══ DATA EXTRACT ══

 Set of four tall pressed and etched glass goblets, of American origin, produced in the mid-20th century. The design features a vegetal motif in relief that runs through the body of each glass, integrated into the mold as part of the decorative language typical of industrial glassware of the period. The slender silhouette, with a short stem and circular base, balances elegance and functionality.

═══
══ DATA EXTRACT ══

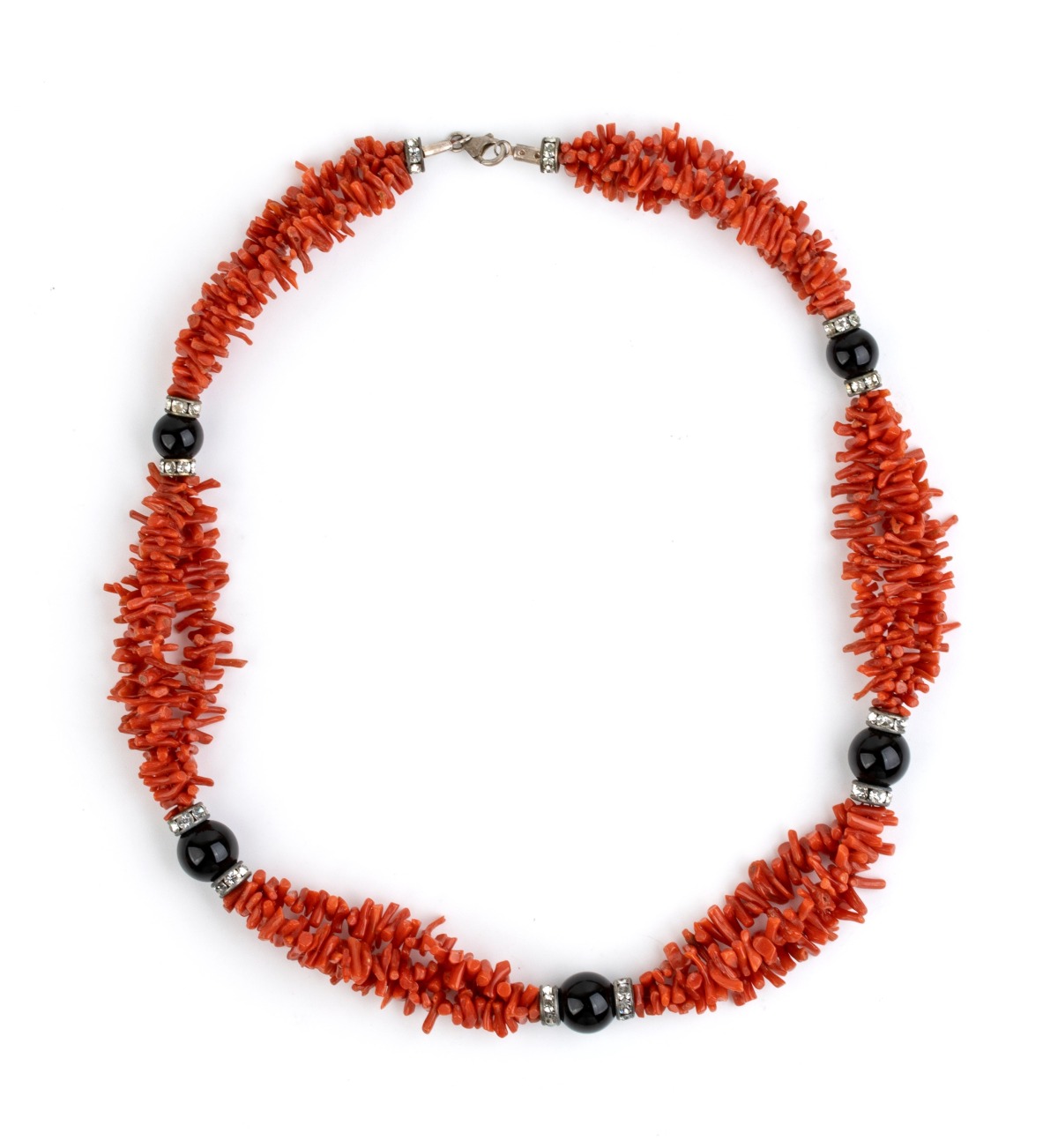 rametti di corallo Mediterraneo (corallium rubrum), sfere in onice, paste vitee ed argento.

═══
══ DATA EXTRACT ══

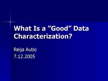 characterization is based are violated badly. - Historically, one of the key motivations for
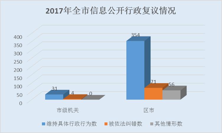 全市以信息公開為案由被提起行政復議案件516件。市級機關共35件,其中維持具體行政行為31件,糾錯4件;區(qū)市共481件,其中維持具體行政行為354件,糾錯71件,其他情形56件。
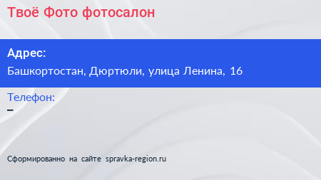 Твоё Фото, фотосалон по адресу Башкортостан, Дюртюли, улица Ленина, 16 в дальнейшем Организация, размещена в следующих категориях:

═══

PROBLEM TO WORK ON ->
Go back to the lines above and output, exactly as they stand, the ones from the line containing "characterization is based" to the line containing "Твоё Фото, фотосалон". Leave all pictures behind.

EXERCISE ANSWER ->
 characterization is based are violated badly. - Historically, one of the key motivations for
 全市以信息公開為案由被提起行政復議案件516件。市級機關共35件,其中維持具體行政行為31件,糾錯4件;區(qū)市共481件,其中維持具體行政行為354件,糾錯71件,其他情形56件。
 Твоё Фото, фотосалон по адресу Башкортостан, Дюртюли, улица Ленина, 16 в дальнейшем Организация, размещена в следующих категориях:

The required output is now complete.